Data:
☆ ☆ ☆ ☆ ☆ ☆ ☆
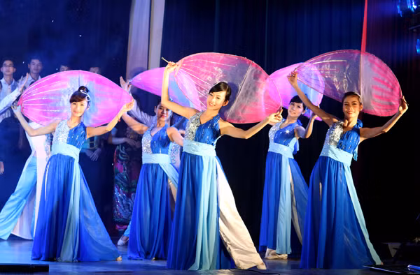 Đêm văn nghệ diễn ra với nhiều tiết mục thể hiện sự mượt mà trong từng điệu múa câu hát. Như múa đàn dưới ánh trăng, hay những động tác thể hiện cánh sen nở… Nhất là tiết mục trình diễn áo dài của các nữ sinh.
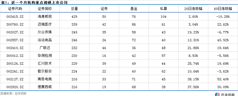 海康威视、迈瑞医疗、分众传媒、洽洽食品等上市公司是近一个月机构重点调研的公司。
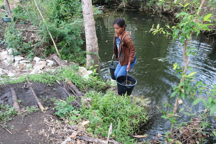 この川にもLIFEが開発している水車ポンプを置いて、水汲みの負担を減らすことを考えています。
☆ ☆ ☆ ☆ ☆ ☆ ☆
When you reach the line containing "海康威视、迈瑞医疗、分众传媒、洽洽食品等上市公司是近一个月机构重点调研的公司。" in the listing above, reproduce it and every line after it through the last, exactly; omit the pictures.

 海康威视、迈瑞医疗、分众传媒、洽洽食品等上市公司是近一个月机构重点调研的公司。
 この川にもLIFEが開発している水車ポンプを置いて、水汲みの負担を減らすことを考えています。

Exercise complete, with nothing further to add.